__Assigned task__
Repeat each record exactly, skipping the pictures.

[Material provided]

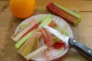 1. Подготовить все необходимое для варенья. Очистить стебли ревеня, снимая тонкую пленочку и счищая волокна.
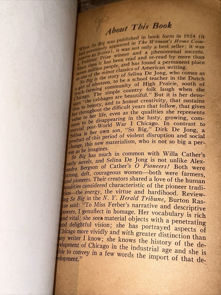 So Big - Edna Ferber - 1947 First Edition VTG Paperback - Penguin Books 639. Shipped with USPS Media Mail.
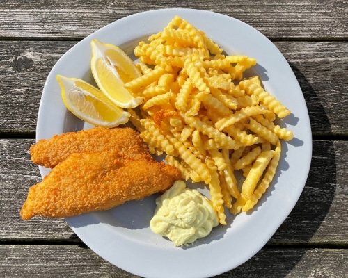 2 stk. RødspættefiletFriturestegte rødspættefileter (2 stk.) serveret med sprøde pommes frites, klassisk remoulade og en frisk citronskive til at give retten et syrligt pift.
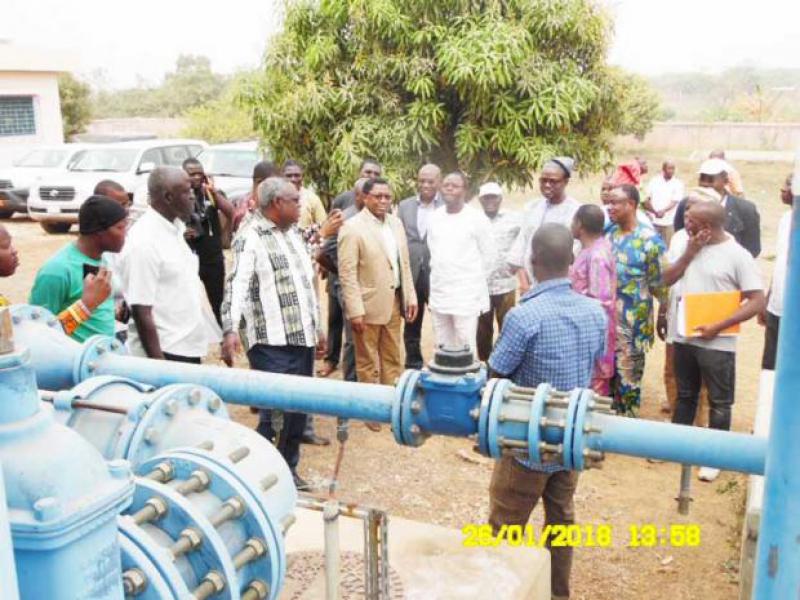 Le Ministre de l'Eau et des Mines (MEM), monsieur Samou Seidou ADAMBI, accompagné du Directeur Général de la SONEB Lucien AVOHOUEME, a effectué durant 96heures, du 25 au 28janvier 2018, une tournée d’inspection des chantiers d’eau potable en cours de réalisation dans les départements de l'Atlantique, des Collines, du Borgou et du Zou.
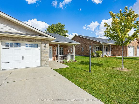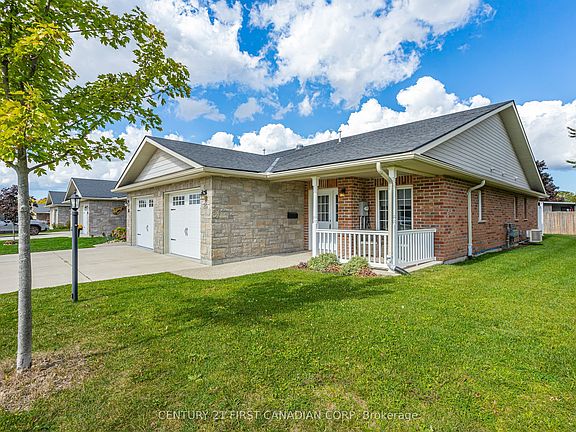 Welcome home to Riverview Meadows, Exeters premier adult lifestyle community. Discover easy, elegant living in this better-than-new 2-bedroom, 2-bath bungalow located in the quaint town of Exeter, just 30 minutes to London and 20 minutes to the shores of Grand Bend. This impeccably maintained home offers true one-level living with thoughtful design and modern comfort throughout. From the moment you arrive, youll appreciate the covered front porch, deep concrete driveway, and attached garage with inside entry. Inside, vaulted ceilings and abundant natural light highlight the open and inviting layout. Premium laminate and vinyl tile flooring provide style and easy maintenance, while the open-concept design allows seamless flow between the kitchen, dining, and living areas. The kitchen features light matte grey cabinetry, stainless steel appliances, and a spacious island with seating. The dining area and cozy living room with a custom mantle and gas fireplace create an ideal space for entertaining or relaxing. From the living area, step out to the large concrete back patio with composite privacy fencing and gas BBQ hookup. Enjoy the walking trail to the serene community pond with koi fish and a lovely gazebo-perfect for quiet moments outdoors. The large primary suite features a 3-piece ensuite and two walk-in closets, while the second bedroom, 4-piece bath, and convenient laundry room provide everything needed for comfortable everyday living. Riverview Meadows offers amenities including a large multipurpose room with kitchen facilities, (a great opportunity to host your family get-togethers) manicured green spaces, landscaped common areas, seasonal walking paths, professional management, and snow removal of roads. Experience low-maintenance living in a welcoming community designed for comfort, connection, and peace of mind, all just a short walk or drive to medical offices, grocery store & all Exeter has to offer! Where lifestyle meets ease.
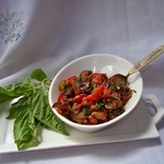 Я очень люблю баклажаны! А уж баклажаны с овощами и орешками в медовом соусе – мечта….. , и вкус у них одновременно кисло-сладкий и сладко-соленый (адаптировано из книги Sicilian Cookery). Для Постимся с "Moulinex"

[/Material provided]

__Written reply__
 1. Подготовить все необходимое для варенья. Очистить стебли ревеня, снимая тонкую пленочку и счищая волокна.
 So Big - Edna Ferber - 1947 First Edition VTG Paperback - Penguin Books 639. Shipped with USPS Media Mail.
 2 stk. RødspættefiletFriturestegte rødspættefileter (2 stk.) serveret med sprøde pommes frites, klassisk remoulade og en frisk citronskive til at give retten et syrligt pift.
 Le Ministre de l'Eau et des Mines (MEM), monsieur Samou Seidou ADAMBI, accompagné du Directeur Général de la SONEB Lucien AVOHOUEME, a effectué durant 96heures, du 25 au 28janvier 2018, une tournée d’inspection des chantiers d’eau potable en cours de réalisation dans les départements de l'Atlantique, des Collines, du Borgou et du Zou.
 Welcome home to Riverview Meadows, Exeters premier adult lifestyle community. Discover easy, elegant living in this better-than-new 2-bedroom, 2-bath bungalow located in the quaint town of Exeter, just 30 minutes to London and 20 minutes to the shores of Grand Bend. This impeccably maintained home offers true one-level living with thoughtful design and modern comfort throughout. From the moment you arrive, youll appreciate the covered front porch, deep concrete driveway, and attached garage with inside entry. Inside, vaulted ceilings and abundant natural light highlight the open and inviting layout. Premium laminate and vinyl tile flooring provide style and easy maintenance, while the open-concept design allows seamless flow between the kitchen, dining, and living areas. The kitchen features light matte grey cabinetry, stainless steel appliances, and a spacious island with seating. The dining area and cozy living room with a custom mantle and gas fireplace create an ideal space for entertaining or relaxing. From the living area, step out to the large concrete back patio with composite privacy fencing and gas BBQ hookup. Enjoy the walking trail to the serene community pond with koi fish and a lovely gazebo-perfect for quiet moments outdoors. The large primary suite features a 3-piece ensuite and two walk-in closets, while the second bedroom, 4-piece bath, and convenient laundry room provide everything needed for comfortable everyday living. Riverview Meadows offers amenities including a large multipurpose room with kitchen facilities, (a great opportunity to host your family get-togethers) manicured green spaces, landscaped common areas, seasonal walking paths, professional management, and snow removal of roads. Experience low-maintenance living in a welcoming community designed for comfort, connection, and peace of mind, all just a short walk or drive to medical offices, grocery store & all Exeter has to offer! Where lifestyle meets ease.
 Я очень люблю баклажаны! А уж баклажаны с овощами и орешками в медовом соусе – мечта….. , и вкус у них одновременно кисло-сладкий и сладко-соленый (адаптировано из книги Sicilian Cookery). Для Постимся с "Moulinex"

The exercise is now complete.